Dozens, mostly automated, DDOS cyberattacks* accepts the port of Thessaloniki each month, while targeting phishing ** and massive mission of malicious emails, as the Director of Information Technology and Communications and Communications Technologies and Digital Technologies. It is certainly not the only thing: ports around the world often go on target cyberattacks, as their critical role in international trade and high levels of digitization of their services open the “appetite” of cybercriminals, including ransom claims. As a result, in recent years, there have been financial losses in hundreds of millions of euros worldwide and thousands of containers have occasionally been trapped for days.

“At the national level, we know that DDOS attacks by groups such as” Noname057 “have also targeted the port of Thessaloniki in 2024,” Mr Nikolaou emphasized. How does the port of Thessaloniki deal with this new generation challenge? “The investments of the Port Authority of Thessaloniki (OLTH SA) in cyber security in recent years have increased steadily (…). Today, expenditure on technologies, services and cyber security training amounts to about 10% -12% of the annual budget for IT (IT technologies), with continuous adjustment, according to developments in threats and regulatory requirements, such as the NIS2 Directive, ”notes Mr Nikolaou.
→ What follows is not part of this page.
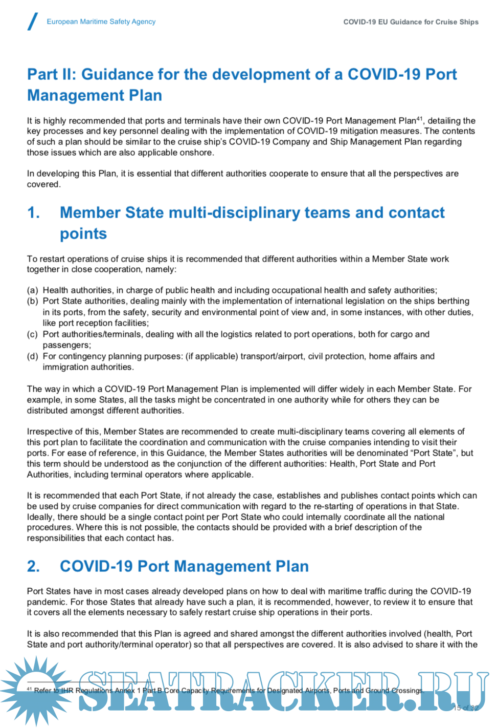 The second part recommends the development of a COVID-19 Port Management Plan by each Member State/port/terminal receiving cruise ships, for which a minimum set of measures are also suggested.

Asked about how quickly the port’s operation could be restored, in the event of a successful cyberspace, he replies: “We have developed and tried extensively business continuity and rehabilitation plans (BCP/DRP), which allow us to restore the critical functions of the port within a few hours. Secondary services may take extra time, but our goal is to minimize the impact on customers and load flow, ensuring our contribution to the national and regional supply chain. ” The port, he says, supports its defense on multilevel technologies, regular rehabilitation exercises, continuous staff training and cooperation with competent public authorities, applying ‘Zero-Trust’ (zero-confidence) and two-factor authentication.

‘Rain’ of cyberattacks, after ‘Notpetya’

When our discussion with Mr Nikolaou opens in the world landscape, the huge size of the problem is immediately felt. For the last six-seven years, he notes, the shipping sector has increased by a range of size (~ 10 ×) in the reported incidents of cyberattacks, compared to the period before the 2017 incident with the stroke of the malicious software “Notpetya”. “Although the rate of growth is reduced by three -digit to double -digit rates, the level of threat remains significantly high. A striking example is the attack on the “DP World Australia” in November 2023, which caused almost a three -day interruption of operations in four ports, a delay in trafficking more than 30,000 containers, affecting hundreds of customers and causing financial loss of tens of million.

Similarly, the port of Los Angeles suffered a serious ransomware *** attack, with a long day of systems interruption, delays in thousands of loads and losses of more than $ 10 million, and the case of “Maersk”, which in 2017 was affected by more than $ 76 and more than $ 76 and more than $ 76 and more than $ 76. terminals around the world. These incidents highlight the high degree of danger to port infrastructure and the need to strengthen their cyber security in order to ensure the smooth flow of world trade and customer protection.

Customs, container stations and passenger stations The dominant goals of cyberattacks in ports

Today, explains Mr. Nikolaou, the dominant forms of cyberattacks in the ports are ransomware attacks and data violations, and there are often denial attacks (DOS) or others, utilizing artificial intelligence (TN), with the aim of interrupting business processes or businesses. They mainly focus on interconnected logistics, shipping and communication management systems, seeking to cause delays, interruptions and significant financial losses.

The main objectives of these attacks are customs systems, container stations, which are the “heart” of logistics, as well as passenger stations, affecting ticket and service systems. “Ports now recognize the importance of cyber security for world trade and are constantly investing in protection measures to ensure their smooth operation and protection of their customers and infrastructure,” Mr Nikolaou said.

The NIS2 **** Community Directive, in force since October 2024, increases the obligations of cyber security “essential” organizations such as OLTH, imposing rigorous risk management measures, incident reporting within 24-72 hours, control of the supply chain and administrative responsibilities. OLTH, with a roadmap of compliance since 2023, has already updated the Business Continuity and Incident Response, conducts vulnerability, trains staff and administration, and upgrades threatening detection systems (Siem, SOC).